I have had more than just a passing interest in the James Bond phenomenon since reading Ian Fleming’s 007 novels one after the other in the dim and distant.
Sean Connery nailed the chain-smoking, borderline alcoholic, often morose character better than any of his successors, but Daniel Craig, with the appropriate ‘cold blue eyes’, has perfectly acclimatised Bond to the new age. He has been aided and abetted in this by director Sam Mendes who, if anything, has improved on his outstanding Skyfall (2012) with this latest outing, which, for all its blistering CGI, is imbued with a comforting retro feel.
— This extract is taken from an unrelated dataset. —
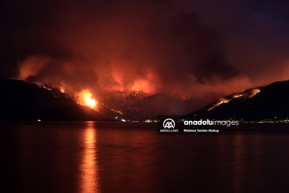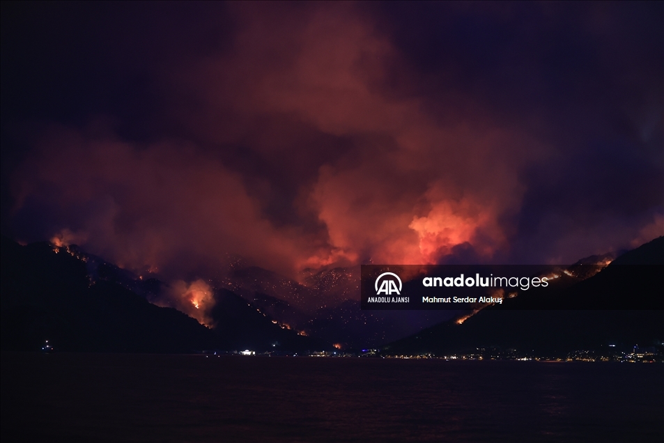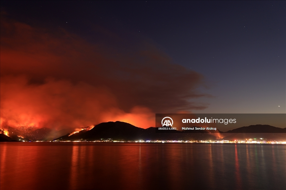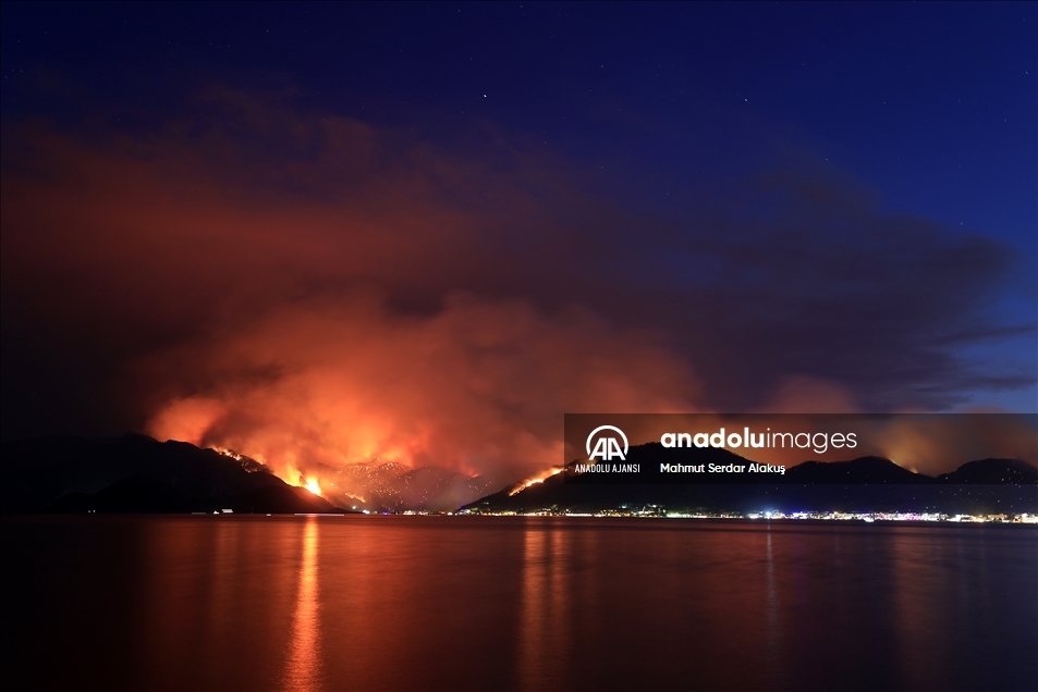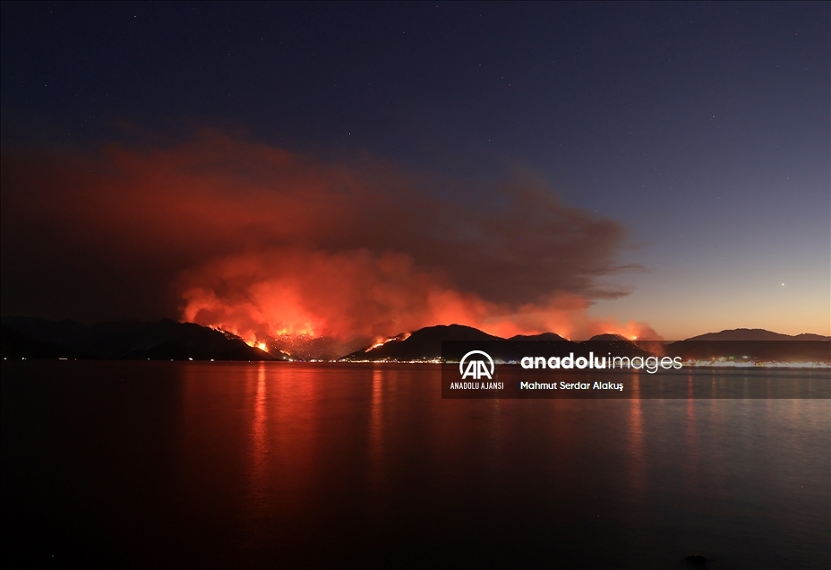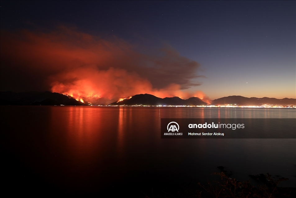 Muğla'nın Marmaris ilçesinde öğlen saatlerinde başlayan orman yangını devam ediyor. Marmaris'in Armutalan mahallesinde başlayan yangın İçmeler mahallesine doğru ilerliyor. Yangına Orman Bölge Müdürlüğü ekipleri, Muğla Büyükşehir Belediyesi ekipleri, emniyet güçleri ile Türk Silahlı Kuvvetleri mensupları müdahale ediyor. Yangın nedeniyle oluşan duman Gökova Körfezini kapladı. ( Mahmut Serdar Alakuş - Anadolu Ajansı )Mahmut Serdar Alakuş

A brilliantly conceived and executed opening sequence finds Bond in Mexico City on the Day of the Dead. To the dismay of M (Ralph Fiennes), he is acting as a vigilante, on a personal mission that will evolve into a major crisis. His target is the ruthless head of SPECTRE, an international crime organisation – Blofeld (Fleming named him after Henry’s father). And who better to play the odious, ever present villain than the scene-eating Christoph Waltz.
Assisting Bond is Q (Ben Whishaw) – a creation of the cinema who was not present in any of the books – but instead of producing an array of dazzling gizmos the brainiac is more focused on nerdy keyboard warfare. Miss Moneypenny (Naomie Harris) is allowed to leave the office and be more involved than usual and Madeleine (Léa Seydoux), the Bond Girl, is appropriately sexy and capable of looking after herself.
The plot is convoluted but coherent, the chases are almost but not quite overdone and a pulsating score by Thomas Newman supplements Monty Norman’s immediately recognisable theme as Hoyte Van Hoytema’s luscious cinematography follows the action through London and Rome, Austria and Morocco. But best of all is the movie’s sense of itself, managing to be both dead serious in intent but frequently tongue in cheek in delivery – Bond’s seduction of Madeleine on the train after throttling a horrible hairy bad guy is wonderfully corny.
There’s even a good old-fashioned torture scene. I loved it.